### WHAT THE EXERCISE ASKS:
All of the entries below, duplicated exactly, make up the answer.

### DATA SHOWN:
+ + + + +

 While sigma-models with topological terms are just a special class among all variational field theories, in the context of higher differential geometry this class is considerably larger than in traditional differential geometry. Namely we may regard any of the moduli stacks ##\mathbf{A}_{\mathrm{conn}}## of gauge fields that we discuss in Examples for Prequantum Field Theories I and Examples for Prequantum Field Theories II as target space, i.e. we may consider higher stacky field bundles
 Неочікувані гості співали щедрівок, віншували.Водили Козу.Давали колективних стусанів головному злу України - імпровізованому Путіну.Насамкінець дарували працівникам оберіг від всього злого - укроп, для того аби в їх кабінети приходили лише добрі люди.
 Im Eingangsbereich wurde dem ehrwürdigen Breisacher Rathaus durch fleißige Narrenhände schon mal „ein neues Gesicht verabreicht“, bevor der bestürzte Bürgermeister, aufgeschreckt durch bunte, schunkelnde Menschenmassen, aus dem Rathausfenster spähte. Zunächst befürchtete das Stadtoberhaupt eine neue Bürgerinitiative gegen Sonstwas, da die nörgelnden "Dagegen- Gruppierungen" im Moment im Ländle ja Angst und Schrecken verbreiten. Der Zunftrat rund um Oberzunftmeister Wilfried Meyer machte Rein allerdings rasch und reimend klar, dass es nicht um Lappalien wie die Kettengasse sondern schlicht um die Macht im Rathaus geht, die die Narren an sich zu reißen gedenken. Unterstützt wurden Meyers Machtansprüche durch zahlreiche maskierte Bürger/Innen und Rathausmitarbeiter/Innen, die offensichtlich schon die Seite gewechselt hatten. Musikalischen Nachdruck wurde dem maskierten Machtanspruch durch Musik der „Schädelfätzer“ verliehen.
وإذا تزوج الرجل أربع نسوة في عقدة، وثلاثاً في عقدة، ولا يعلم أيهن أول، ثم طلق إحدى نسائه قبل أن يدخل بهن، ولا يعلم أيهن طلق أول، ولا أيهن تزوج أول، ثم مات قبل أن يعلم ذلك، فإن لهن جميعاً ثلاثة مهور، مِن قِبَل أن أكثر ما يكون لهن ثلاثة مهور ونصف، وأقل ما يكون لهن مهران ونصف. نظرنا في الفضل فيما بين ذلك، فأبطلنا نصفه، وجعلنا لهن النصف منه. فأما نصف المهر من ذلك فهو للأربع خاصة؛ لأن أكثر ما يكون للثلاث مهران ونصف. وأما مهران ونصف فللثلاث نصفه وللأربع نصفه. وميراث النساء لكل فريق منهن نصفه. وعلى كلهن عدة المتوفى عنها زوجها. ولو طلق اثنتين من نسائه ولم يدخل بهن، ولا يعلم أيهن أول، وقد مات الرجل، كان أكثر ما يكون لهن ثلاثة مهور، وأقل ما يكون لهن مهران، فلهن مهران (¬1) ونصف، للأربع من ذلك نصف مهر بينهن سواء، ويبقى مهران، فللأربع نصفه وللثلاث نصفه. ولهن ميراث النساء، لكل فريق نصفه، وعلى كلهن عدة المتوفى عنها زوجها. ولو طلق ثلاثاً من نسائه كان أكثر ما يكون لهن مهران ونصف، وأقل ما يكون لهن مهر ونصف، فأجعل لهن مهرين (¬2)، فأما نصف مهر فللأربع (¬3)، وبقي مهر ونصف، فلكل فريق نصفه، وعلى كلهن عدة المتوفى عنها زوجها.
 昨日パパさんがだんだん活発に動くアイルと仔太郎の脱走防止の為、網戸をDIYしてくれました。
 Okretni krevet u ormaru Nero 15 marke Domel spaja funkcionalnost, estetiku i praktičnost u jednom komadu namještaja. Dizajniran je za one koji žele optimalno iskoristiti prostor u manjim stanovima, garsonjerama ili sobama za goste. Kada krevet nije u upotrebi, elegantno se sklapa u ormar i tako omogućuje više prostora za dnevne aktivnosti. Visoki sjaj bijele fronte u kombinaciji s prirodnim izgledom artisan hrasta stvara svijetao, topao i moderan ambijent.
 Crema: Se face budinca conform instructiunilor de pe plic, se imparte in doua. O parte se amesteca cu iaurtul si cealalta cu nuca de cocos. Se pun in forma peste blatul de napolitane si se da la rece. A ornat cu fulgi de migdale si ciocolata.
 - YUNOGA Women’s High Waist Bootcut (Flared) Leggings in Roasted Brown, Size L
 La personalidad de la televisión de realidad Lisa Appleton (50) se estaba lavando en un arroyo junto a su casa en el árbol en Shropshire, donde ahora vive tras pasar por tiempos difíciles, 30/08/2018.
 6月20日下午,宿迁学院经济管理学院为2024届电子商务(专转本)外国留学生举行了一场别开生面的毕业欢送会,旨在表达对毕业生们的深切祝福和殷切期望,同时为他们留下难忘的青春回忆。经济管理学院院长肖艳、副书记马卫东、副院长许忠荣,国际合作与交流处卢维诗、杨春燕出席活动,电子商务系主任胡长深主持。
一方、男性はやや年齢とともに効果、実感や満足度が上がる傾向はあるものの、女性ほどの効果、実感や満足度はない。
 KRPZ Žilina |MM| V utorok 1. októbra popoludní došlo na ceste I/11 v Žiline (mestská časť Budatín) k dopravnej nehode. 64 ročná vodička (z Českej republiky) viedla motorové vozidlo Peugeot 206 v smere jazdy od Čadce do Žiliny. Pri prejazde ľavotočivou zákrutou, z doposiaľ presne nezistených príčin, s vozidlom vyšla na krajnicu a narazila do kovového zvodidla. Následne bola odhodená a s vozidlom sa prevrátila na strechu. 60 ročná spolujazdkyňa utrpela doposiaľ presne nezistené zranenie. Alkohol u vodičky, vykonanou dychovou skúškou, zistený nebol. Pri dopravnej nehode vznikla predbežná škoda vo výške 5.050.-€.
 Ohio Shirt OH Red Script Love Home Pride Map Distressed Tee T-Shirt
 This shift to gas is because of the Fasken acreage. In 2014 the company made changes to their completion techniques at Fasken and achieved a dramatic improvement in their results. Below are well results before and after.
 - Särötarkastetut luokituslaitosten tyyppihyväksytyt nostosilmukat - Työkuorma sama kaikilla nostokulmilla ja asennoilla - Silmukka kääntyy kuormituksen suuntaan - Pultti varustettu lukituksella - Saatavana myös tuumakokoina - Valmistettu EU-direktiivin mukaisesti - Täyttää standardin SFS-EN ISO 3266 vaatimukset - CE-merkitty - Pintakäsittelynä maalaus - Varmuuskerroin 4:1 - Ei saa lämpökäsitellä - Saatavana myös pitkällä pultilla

+ + + + +

### ANSWER TO THIS EXERCISE:
 While sigma-models with topological terms are just a special class among all variational field theories, in the context of higher differential geometry this class is considerably larger than in traditional differential geometry. Namely we may regard any of the moduli stacks ##\mathbf{A}_{\mathrm{conn}}## of gauge fields that we discuss in Examples for Prequantum Field Theories I and Examples for Prequantum Field Theories II as target space, i.e. we may consider higher stacky field bundles
 Неочікувані гості співали щедрівок, віншували.Водили Козу.Давали колективних стусанів головному злу України - імпровізованому Путіну.Насамкінець дарували працівникам оберіг від всього злого - укроп, для того аби в їх кабінети приходили лише добрі люди.
 Im Eingangsbereich wurde dem ehrwürdigen Breisacher Rathaus durch fleißige Narrenhände schon mal „ein neues Gesicht verabreicht“, bevor der bestürzte Bürgermeister, aufgeschreckt durch bunte, schunkelnde Menschenmassen, aus dem Rathausfenster spähte. Zunächst befürchtete das Stadtoberhaupt eine neue Bürgerinitiative gegen Sonstwas, da die nörgelnden "Dagegen- Gruppierungen" im Moment im Ländle ja Angst und Schrecken verbreiten. Der Zunftrat rund um Oberzunftmeister Wilfried Meyer machte Rein allerdings rasch und reimend klar, dass es nicht um Lappalien wie die Kettengasse sondern schlicht um die Macht im Rathaus geht, die die Narren an sich zu reißen gedenken. Unterstützt wurden Meyers Machtansprüche durch zahlreiche maskierte Bürger/Innen und Rathausmitarbeiter/Innen, die offensichtlich schon die Seite gewechselt hatten. Musikalischen Nachdruck wurde dem maskierten Machtanspruch durch Musik der „Schädelfätzer“ verliehen.
وإذا تزوج الرجل أربع نسوة في عقدة، وثلاثاً في عقدة، ولا يعلم أيهن أول، ثم طلق إحدى نسائه قبل أن يدخل بهن، ولا يعلم أيهن طلق أول، ولا أيهن تزوج أول، ثم مات قبل أن يعلم ذلك، فإن لهن جميعاً ثلاثة مهور، مِن قِبَل أن أكثر ما يكون لهن ثلاثة مهور ونصف، وأقل ما يكون لهن مهران ونصف. نظرنا في الفضل فيما بين ذلك، فأبطلنا نصفه، وجعلنا لهن النصف منه. فأما نصف المهر من ذلك فهو للأربع خاصة؛ لأن أكثر ما يكون للثلاث مهران ونصف. وأما مهران ونصف فللثلاث نصفه وللأربع نصفه. وميراث النساء لكل فريق منهن نصفه. وعلى كلهن عدة المتوفى عنها زوجها. ولو طلق اثنتين من نسائه ولم يدخل بهن، ولا يعلم أيهن أول، وقد مات الرجل، كان أكثر ما يكون لهن ثلاثة مهور، وأقل ما يكون لهن مهران، فلهن مهران (¬1) ونصف، للأربع من ذلك نصف مهر بينهن سواء، ويبقى مهران، فللأربع نصفه وللثلاث نصفه. ولهن ميراث النساء، لكل فريق نصفه، وعلى كلهن عدة المتوفى عنها زوجها. ولو طلق ثلاثاً من نسائه كان أكثر ما يكون لهن مهران ونصف، وأقل ما يكون لهن مهر ونصف، فأجعل لهن مهرين (¬2)، فأما نصف مهر فللأربع (¬3)، وبقي مهر ونصف، فلكل فريق نصفه، وعلى كلهن عدة المتوفى عنها زوجها.
 昨日パパさんがだんだん活発に動くアイルと仔太郎の脱走防止の為、網戸をDIYしてくれました。
 Okretni krevet u ormaru Nero 15 marke Domel spaja funkcionalnost, estetiku i praktičnost u jednom komadu namještaja. Dizajniran je za one koji žele optimalno iskoristiti prostor u manjim stanovima, garsonjerama ili sobama za goste. Kada krevet nije u upotrebi, elegantno se sklapa u ormar i tako omogućuje više prostora za dnevne aktivnosti. Visoki sjaj bijele fronte u kombinaciji s prirodnim izgledom artisan hrasta stvara svijetao, topao i moderan ambijent.
 Crema: Se face budinca conform instructiunilor de pe plic, se imparte in doua. O parte se amesteca cu iaurtul si cealalta cu nuca de cocos. Se pun in forma peste blatul de napolitane si se da la rece. A ornat cu fulgi de migdale si ciocolata.
 - YUNOGA Women’s High Waist Bootcut (Flared) Leggings in Roasted Brown, Size L
 La personalidad de la televisión de realidad Lisa Appleton (50) se estaba lavando en un arroyo junto a su casa en el árbol en Shropshire, donde ahora vive tras pasar por tiempos difíciles, 30/08/2018.
 6月20日下午,宿迁学院经济管理学院为2024届电子商务(专转本)外国留学生举行了一场别开生面的毕业欢送会,旨在表达对毕业生们的深切祝福和殷切期望,同时为他们留下难忘的青春回忆。经济管理学院院长肖艳、副书记马卫东、副院长许忠荣,国际合作与交流处卢维诗、杨春燕出席活动,电子商务系主任胡长深主持。
一方、男性はやや年齢とともに効果、実感や満足度が上がる傾向はあるものの、女性ほどの効果、実感や満足度はない。
 KRPZ Žilina |MM| V utorok 1. októbra popoludní došlo na ceste I/11 v Žiline (mestská časť Budatín) k dopravnej nehode. 64 ročná vodička (z Českej republiky) viedla motorové vozidlo Peugeot 206 v smere jazdy od Čadce do Žiliny. Pri prejazde ľavotočivou zákrutou, z doposiaľ presne nezistených príčin, s vozidlom vyšla na krajnicu a narazila do kovového zvodidla. Následne bola odhodená a s vozidlom sa prevrátila na strechu. 60 ročná spolujazdkyňa utrpela doposiaľ presne nezistené zranenie. Alkohol u vodičky, vykonanou dychovou skúškou, zistený nebol. Pri dopravnej nehode vznikla predbežná škoda vo výške 5.050.-€.
 Ohio Shirt OH Red Script Love Home Pride Map Distressed Tee T-Shirt
 This shift to gas is because of the Fasken acreage. In 2014 the company made changes to their completion techniques at Fasken and achieved a dramatic improvement in their results. Below are well results before and after.
 - Särötarkastetut luokituslaitosten tyyppihyväksytyt nostosilmukat - Työkuorma sama kaikilla nostokulmilla ja asennoilla - Silmukka kääntyy kuormituksen suuntaan - Pultti varustettu lukituksella - Saatavana myös tuumakokoina - Valmistettu EU-direktiivin mukaisesti - Täyttää standardin SFS-EN ISO 3266 vaatimukset - CE-merkitty - Pintakäsittelynä maalaus - Varmuuskerroin 4:1 - Ei saa lämpökäsitellä - Saatavana myös pitkällä pultilla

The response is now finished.